Dear Writer, excessive sun exposure can provoke, as in your case, burns. In the long run, with excessive sun exposure, the skin loses it’s elasticity and definable brown patches appear like freckles. With excessive sun exposure prolonged over time cutaneous tumours can also appear. More commonly, basaliomas, but also melanomas and spino-cellular carcinomas. It’s difficult to judge the nature of the lesion based on what you have described. It seems to me that it would certainly be useful to go for a medical check up. Best regards, Dr. Luigi Naldi coordinatore Gruppo Italiano Studi Epidemiologici in Dermatologia (GISED).

Dear Colleague, I would be grateful to you if you would send me the latest data on incidences of basal cell carcinomas in Italy, to complete a dermatology thesis on such a subject. Thanking you for your kind cooperation I send my most distinguished regards.

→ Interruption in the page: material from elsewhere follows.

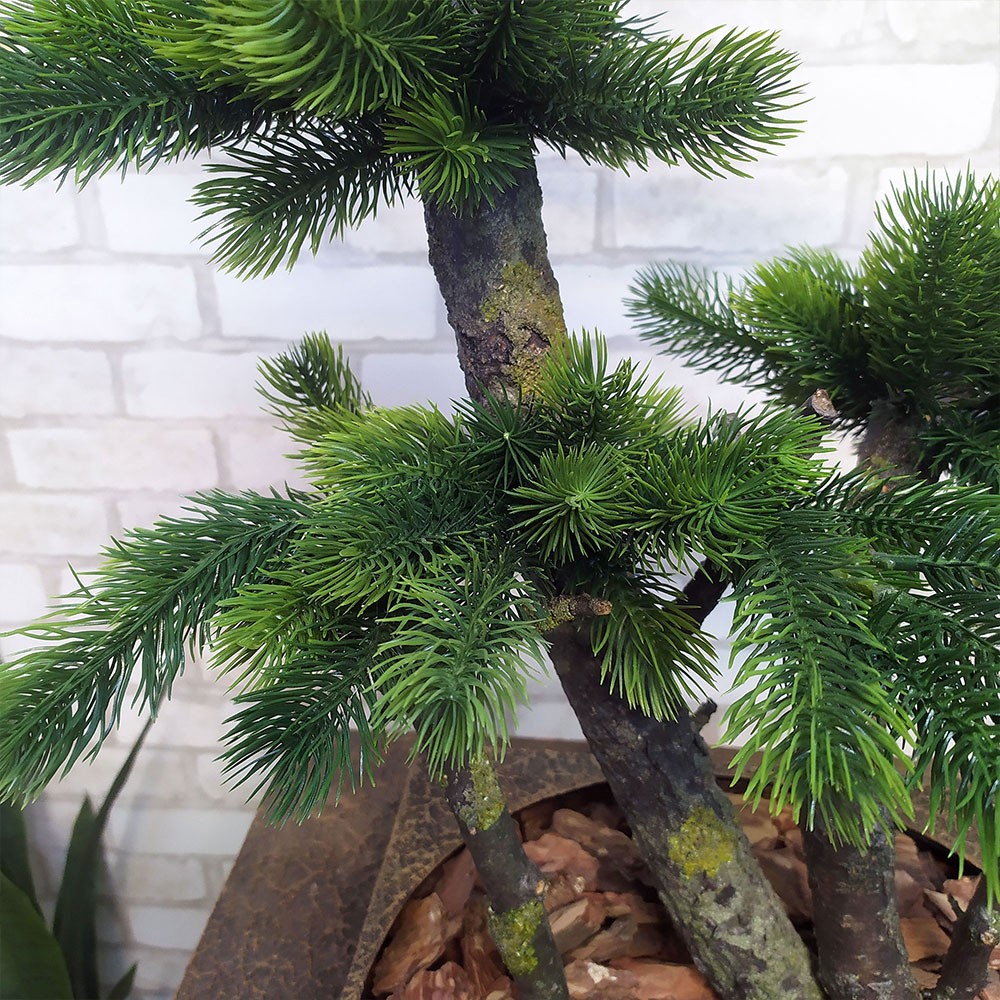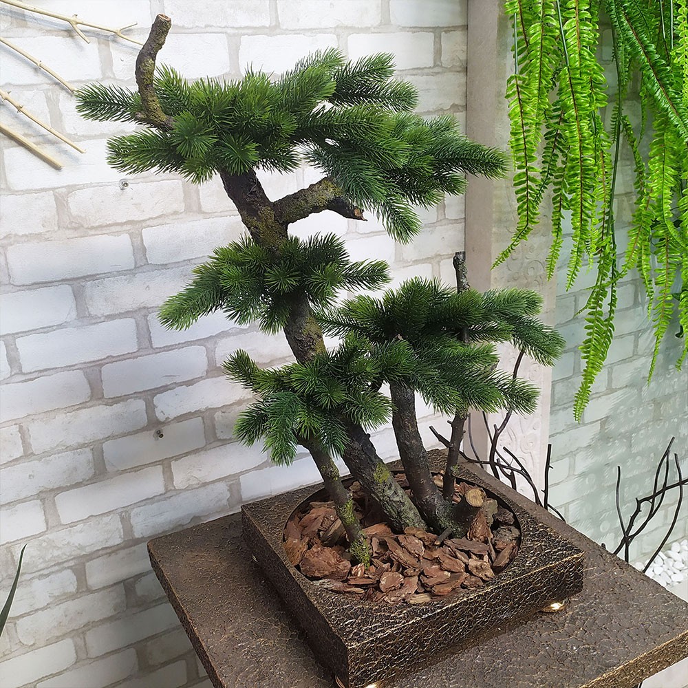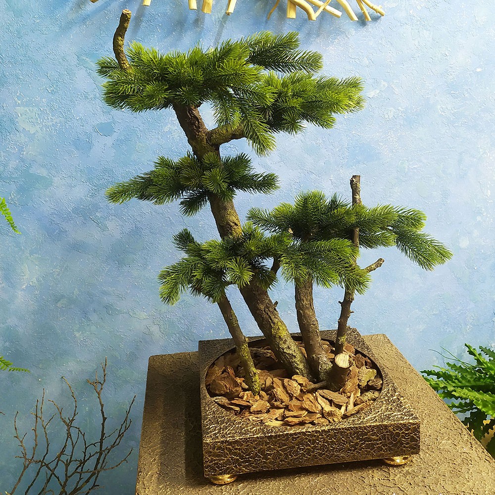 Искусственное декоративное дерево Бонсай изготовлено из натуральной деревянной коряги и искусственных сосновых веток. Коряга установлена в декоративный вазон размером 30х30 см.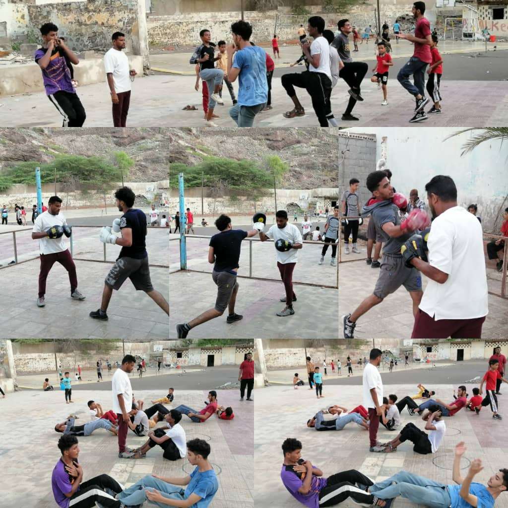 الكابتن عواد عمر يواصل تدريبات ملاكمي التلال في مقر النادي بحماس كبير.

Dear Colleague, Thank you for the message. Reliable data on incidences of cutaneous epithelia tumours is very difficult to obtain. Tumours can be treated in outpatients of which sometimes a histological examination isn’t even carried out. There are very few population registries that have concentrated their attentions on these tumours. One is the tumour registry of the province of Trento, which has started to produce it’s primary data (Boi S, Cristofolini M, Micciolo R, Polla E, Dalla Palma P. Epidemiology of Skin Tumours: Data from the Cutaneous Cancer Registry in Trentino, Italy. J Cutan Med Surg. 2003 Jul 28 [Epub ahead of print]. On the basis of this data, the incidences of basaliomas are equal to 87.9 per 100 000 per year. Another tumour registry with a strong interest in cutaneous tumours is that of the canton of Vaud in Switzerland (Int J Cancer 1988; 42:811-6). The register clearly indicates that basaliomas are more frequent in men than women (51.6 vs 38.0 per 100 000 per year) and progressively increases with age (595.2 in men and 359 in women over 85 years of age). Finally, a further data source is that of our study, PraKtis, which estimates that the cumulative rate of incidents in subjects 45 years and over is equal to 0.9%. Best regards, Luigi Naldi Coordinatore Gruppo Italiano Studi Epidemiologici in Dermatologia (GISED).